Gravitational waves should be lensed by massive objects in a very similar way to light.

Light rays (and by extension, gravitational waves) from a distant object, that pass within 1.5 times the Schwarzschild radius (for a non-spinning black hole) have trajectories that take then towards the event horizon. Waves on such trajectories cannot escape from the black hole, so the basic answer is no, gravitational waves cannot "pass through a black hole".

However, far from "hiding" a source of gravitational waves, an intervening black hole would cause the presence of lensed and magnified images.
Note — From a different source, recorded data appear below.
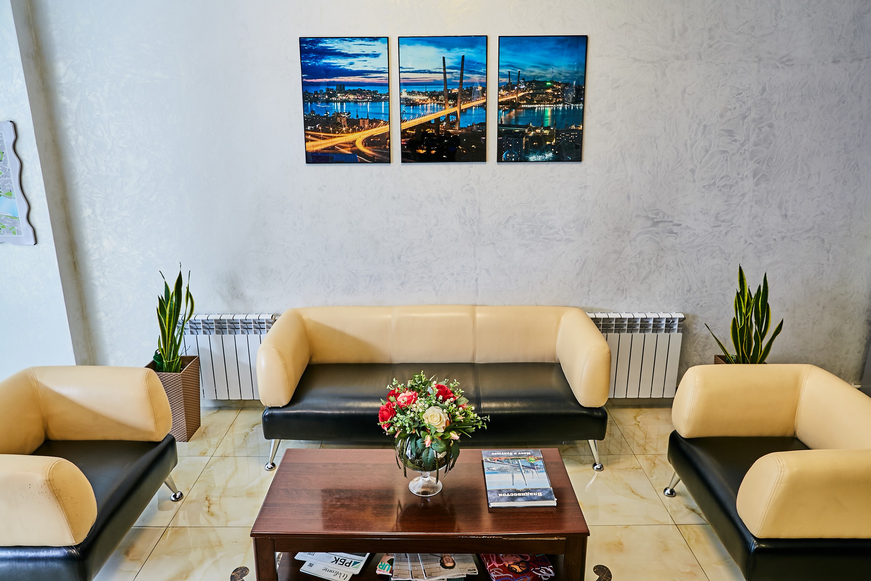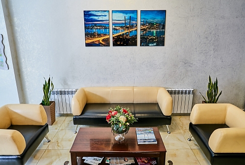 Поездом до ж/д вокзала г. Владивосток, далее на автобусе №31 (13, 39д, 49, 62) от ост. «Железнодорожный вокзал» до ост. «Площадь Борцов Революции», далее пешком 650 м до отеля
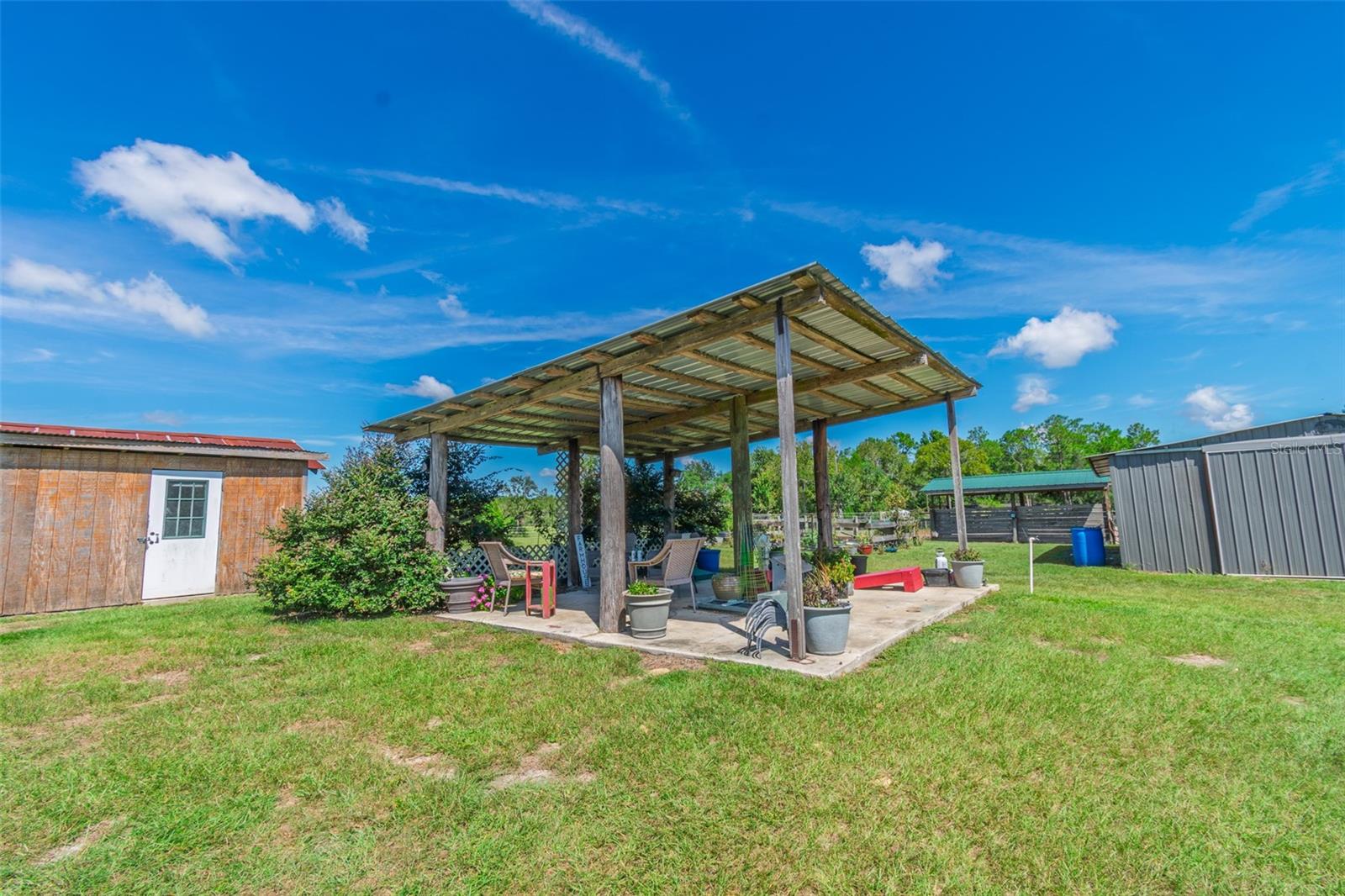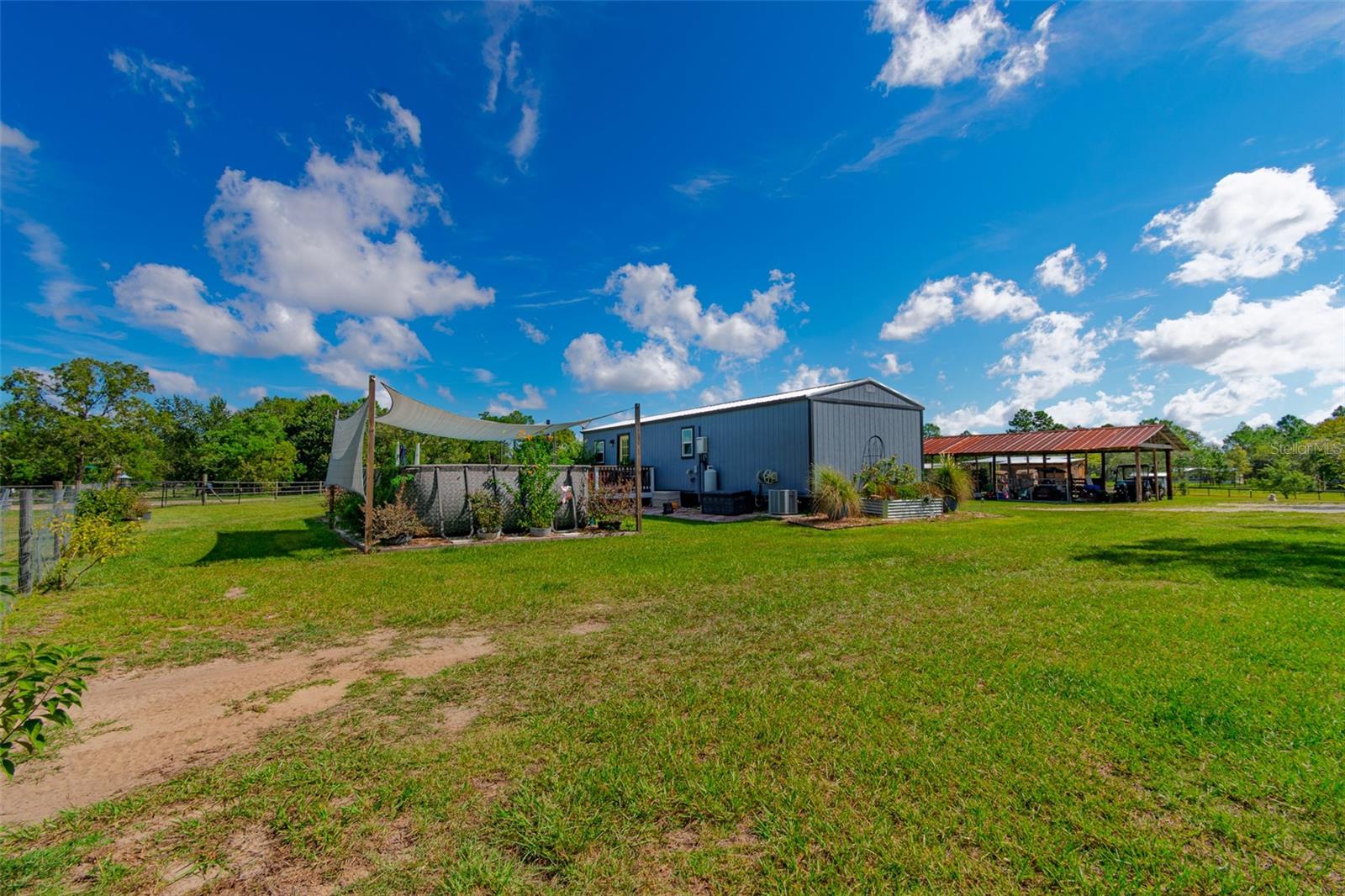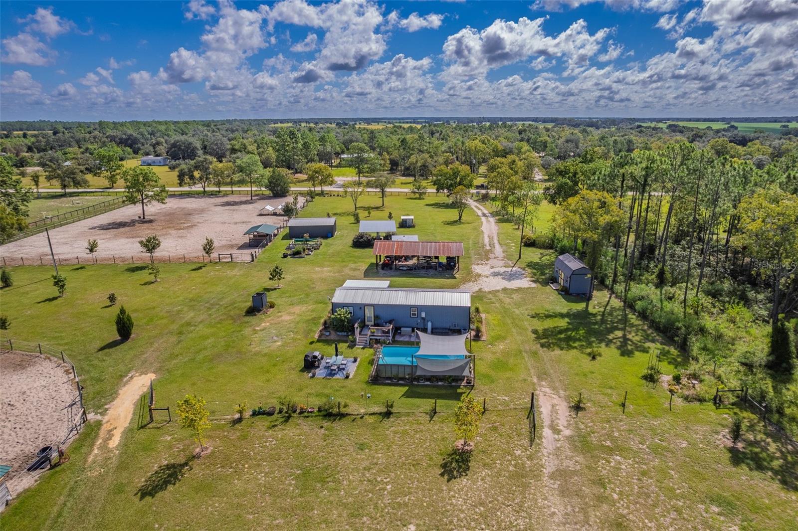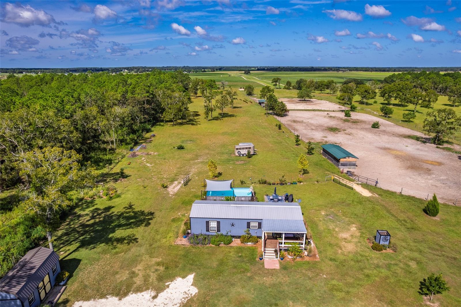 Fuja para o seu próprio oásis privado com esta fazenda de cavalos de 10 acres de 10 acres, perfeitamente situada em 318 acres de terras agrícolas vizinhas. Construído em 2022, esta casa exclusiva de 1 quarto e 1 banho oferece 736 pés quadrados de espaço de vida cuidadosamente projetado, misturando toques modernos com charme rústico. Dentro, você encontrará um teto de língua e ranhura, luz natural abundante e piso LVP durável por toda parte. A cozinha está equipada com armários amplos, espaço generoso, um fogão a gás e uma despensa. O quarto espaçoso está convenientemente localizado perto do banheiro, que possui uma banheira de clawfoot charmosa com chuveiro. As varandas dianteiras e traseiras fornecem vistas pacíficas da propriedade, enquanto uma piscina acima do solo oferece um retiro refrescante nos dias quentes de verão. Os motivos são tão impressionantes quanto o lar. Um jardim lindamente paisagístico apresenta canteiros de flores elevadas, árvores de magnólia graciosas e uma deslumbrante fileira de plantações projetadas para atrair pássaros e borboletas. Projetado para a vida equestre, a propriedade inclui 3 galpões de corrida com barracas (totalizando 9), 3 pastagens separadas com espaço para adicionar outro, um galinheiro e uma sala de tack/alimentação acabada de 10x20 que é parcialmente isolada e pré-conectada. Melhorias adicionais incluem uma garagem de metal 21x27 com conexão elétrica, piso de concreto e lavadora/secadora, uma saliência de 20x20 coberta com laje de concreto e um celeiro de pole de 14x40 para equipamentos e armazenamento agrícolas. Um site de RV de 50x30 com conexões oferece a configuração perfeita para visitantes, equestres de viagem ou espaço adicional. As atualizações recentes incluem um novo campo de drenagem (2021), bomba de poço e tanque (2021), aparelhos (2022) e lavadora (2025). A propriedade também possui 4 zonas separadas para apoiar as necessidades agrícolas. Desfrute de uma localização privilegiada a apenas 30 quilômetros para o Centro Equestre Mundial em Ocala, 19 milhas a hits, 11 quilômetros a ponta preta e apenas 9,5 milhas para Goethe State Forest, lar de centenas de acres de trilhas panorâmicas. Compras, restaurantes e conveniências cotidianas também estão de fácil acesso. Esta propriedade oferece a mistura perfeita de vida do país, funcionalidade equestre e beleza natural - pronta para o seu próximo proprietário!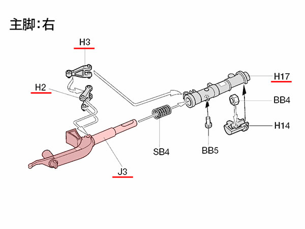 不具合品を使用すると、主脚右の場合、J3とH17部品の角度がズレてしまうため、H2・H3部品の組み付けができません。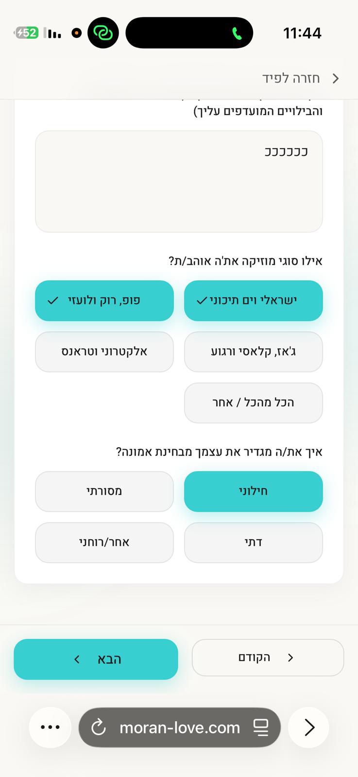 השאלון המוצג למשתמשים כולל פרטים בסיסיים (עיר מגורים, גובה, מספר ילדים), רקע והרגלים (השכלה, עישון, מצב בריאותי), וכן העדפות זוגיות כמו טווח הגילים והסטטוס של בן/בת הזוג הרצויים. בנוסף, מופיעות שאלות פתוחות המנסות לרדת לעומק האופי וסגנון החיים: איך אחרים מתארים אתכם? במה אתם גאים? מהם התחביבים שלכם? כיצד נראה דייט ראשון אידיאלי? ומהם ערכי הזוגיות שחשוב לכם לחלוק.
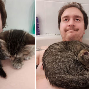 The First Day I Got My Kitten, I Took A Bath, She Somehow Managed To Hop The Tub And Take A Snooze On My Shoulder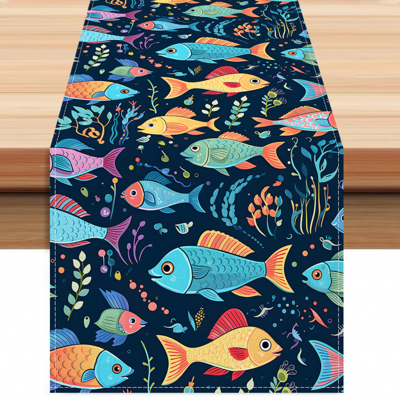 アマゾン漫画プリント小魚パターンテーブルフラグ新しいアメリカンリネンテーブルクロスリビングルームコーヒーテーブルダイニングテーブルテーブルマット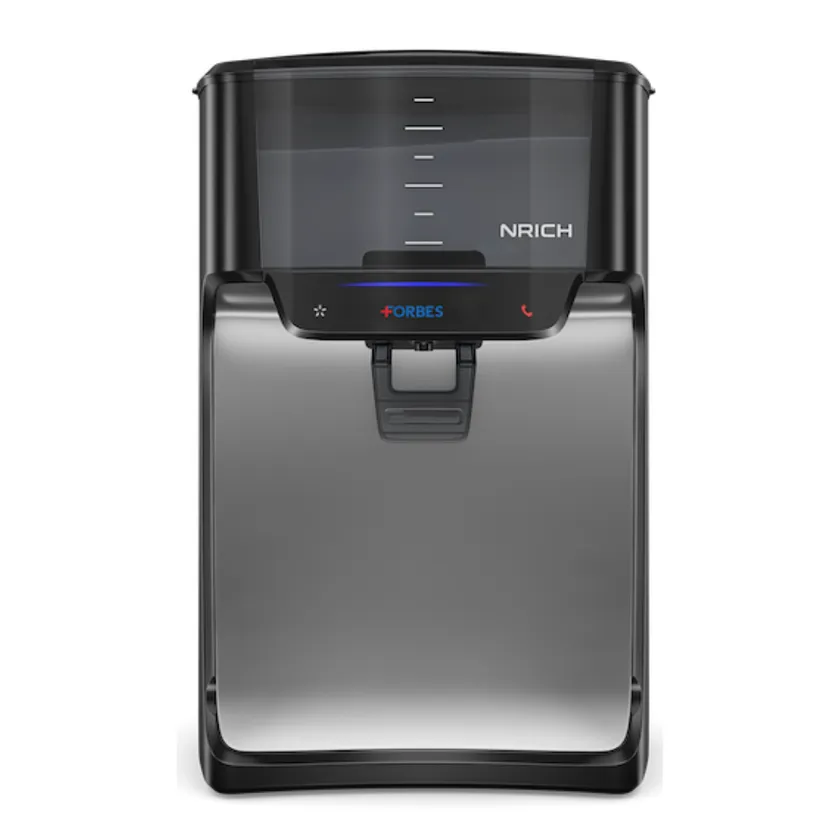 Forbes NRICH UV uses a 6-stage purification process with e-boiling+ to remove bacteria, viruses, and protozoa, ensuring safe drinking water. It features an intuitive LED display, advanced cartridges, large storage, and technologies like Active Copper Maxx, Biotron, and Mineral Guard. A booster pump ensures high-pressure water flow in low-pressure areas.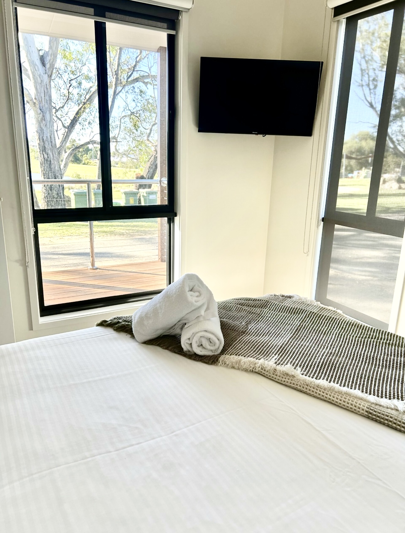 These new Deluxe Lakeview Cabins at BIG4 Rutherglen Holiday Park offer modern comfort with stunning views of the serene lake. Perfect for a relaxing getaway, each cabin is equipped with contemporary amenities, spacious living areas, and private verandas where guests can enjoy the natural beauty of the surroundings. Ideal for couples or families, these cabins provide a tranquil retreat with easy access to local attractions and the park's facilities.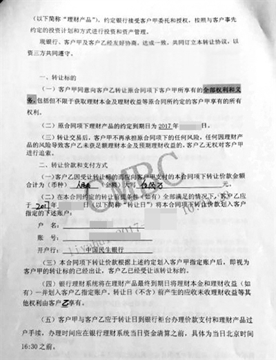 投资者签订的“理财产品”转让协议,合同上显示为民生银行理财产品。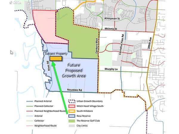 Once in a lifetime offering! Two parcels make up this 7.62 acre small acreage just on the West edge of The Reserve Golf Course and HOT South Hillsboro. Settle into this lovely 2,327 SF Ranch style, 3 BR, 2 BTH home with room for everyone. Stoke the Soap Stone woodstove, grab a coffee, and head onto the back deck, gardens, & fruit orchards! Shoot hoops or play pickle ball on your private court with lights. Then it's time to feed the chickens, ride your horses in the 60x108 lit arena. Check the 36 X 72 Barn with 7 stalls, all with paddocks. A great Equestrian property! Lights in arena & barn, tack room, rubber mats, wash rack, & a round pen for training if you like! Not into horses? No problem- with a seperate gate, fenced gravelled lot & mutliple storage buildings, this is a perfect spot for boats, work trucks & equipment, RVs, you name it. A most excellent place to launch or support your enterprise! Extensive fenced pastures, woods, & areas to ride this property has all the country you can handle right now. Now for the good part. Located in Rosa Reserve, this land is slated for future development. Land like this once annexed is selling for up to 1 Million per acre. It may be 5 to 10 years (or longer) but your investment here is going to pay off like no other we think! A great 1031 investment, great rental potential too- moreover just a perfect country property for anyone wanting level usable land with great buildings and setting! Home sits way back off Rosa Road and is so very private! Call Broker for a full packet!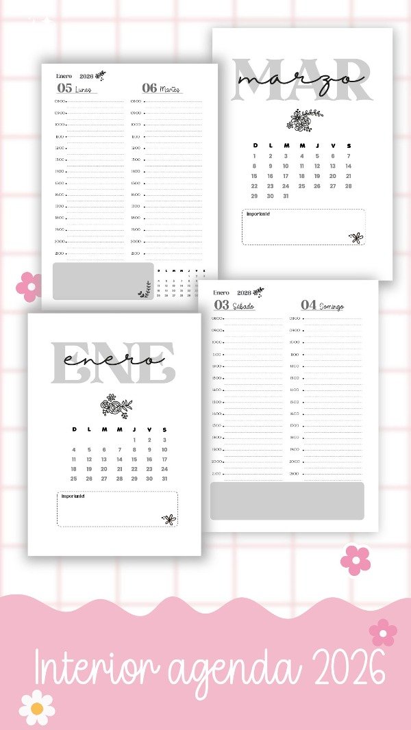 📘 Interior digital – Agenda 2026 - blanco y negro - detalles con flores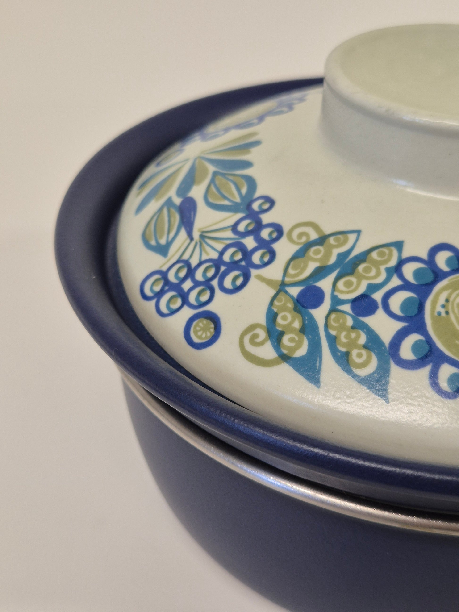 Een charmante en zeldzame vondst voor liefhebbers van Scandinavisch keramiek uit het midden van de vorige eeuw: deze vintage Figgjo Flameware "Tor Viking" steelpan combineert een rustiek Scandinavisch design met alledaagse functionaliteit. Gemaakt in Noorwegen door Figgjo Flint , maakt dit exemplaar deel uit van de geliefde Tor Viking -serie, bekend om zijn handgeschilderde volksmotieven en aardse tinten.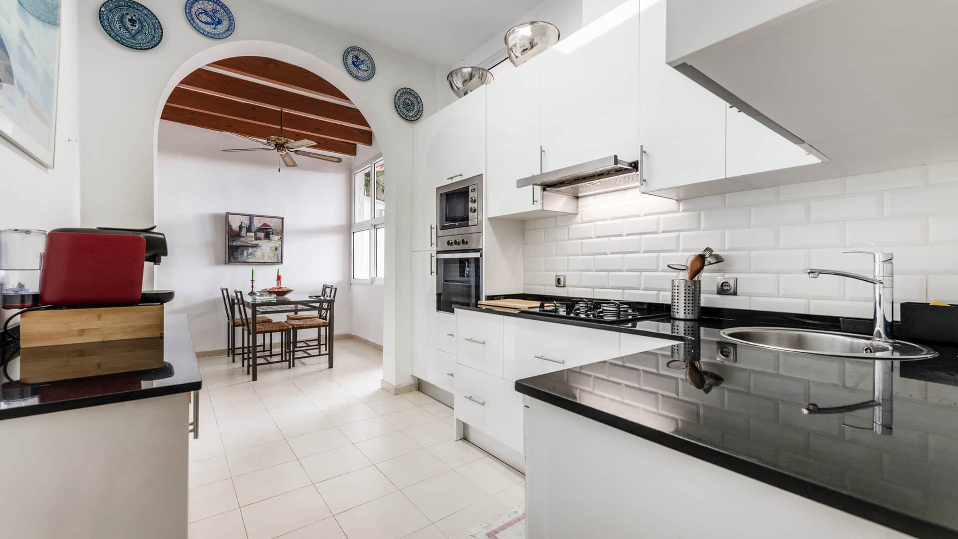 Die Küche, die mit hochwertigen Geräten und modernen Oberflächen ausgestattet ist, kombiniert Funktionalität und Stil, was sie zum perfekten Ort für Gastronomie-Liebhaber macht.

For perfect alignment of source, black hole and observer, there would be an intense "Einstein ring" at an angular radius that depends on the relative distances of the source and the black hole.

Of course gravitational waves cannot be imaged at present, so what would be detected is an abnormally strengthened gravitational wave signal.

All the above is in the geometric optics limit that the wavelength is small compared with the lens. If the black hole is small enough (which depends on its mass), or the gravitational wave wavelength is large enough, then the behaviour ought to be analogous to a plane wave encountering a small, opaque disc (Takahashi & Nakamura 2003).

In which case we would get a diffraction pattern and perhaps a "bright" Arago spot in the centre, though I am not aware of any such calculations in the literature.

This is not an unlikely scenario. For example, the gravitational waves detected by LIGO have relatively high frequencies of 10-1000 Hz and therefore wavelengths of 30,000-300 km, which are as big as the Schwarzschild radii of 10,000 - 100 solar mass black holes and certainly bigger than black hole remnants of stellar evolution.